Hacker News new | ask | show | jobs
by redka 1643 days ago
For anyone interested I've transcribed this song [1] using the replicate link the author provided (Colab throws errors for me) using mode music-piano-v2. It spits out mp3s there instead of midis so you can hear how it did [2]

[1] https://www.youtube.com/watch?v=h-eEZGun2PM [2] https://replicate.com/p/qr4lfzsqafc3rbprwmvg2cw5ve

3 comments

Awesome, thanks for running the test!

I can't help but feel it is heavily impacted by ambience of the recording as well. The midi is of course a very rigid and literal interpretation of what the model is hearing as pitches over time, but of course it lacks the subtlety of realizing a pitch is sustaining because of an ambient effect, or that the attach is is actually a little bit before the beginning of the pitch, etc.

If it could be enhanced to consider such things, I bet you would get much cleaner, more machine-like midis, which are generally preferable.

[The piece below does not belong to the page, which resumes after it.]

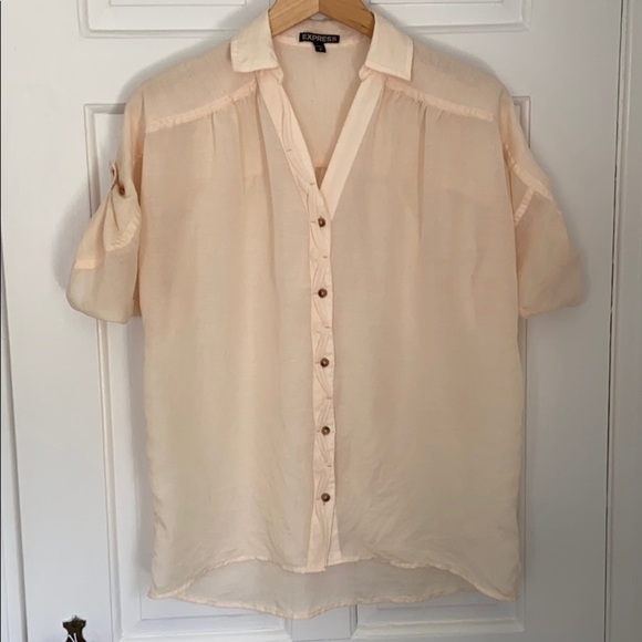 Elegant cream blouse with button-up front. Short sleeves with button detail. Lightweight and stylish.
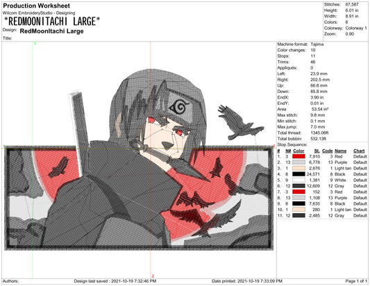 Red Moon Itachi Embroidery Design Files - 4 Size's

Listening to the input and output, the reproduction is like comparing a cat to a picture that resembles a cat, but isn't a cat.
Music's a lot more than a collection of notes ... and the timbre of one piano is about as far away from a mixture of reeds and dulcit electronics as you can get. (The Fulero is very nice.)
How do you get a midi?
You'd have to run it yourself. There's a docker image available but it's a pretty big download (11.7GB)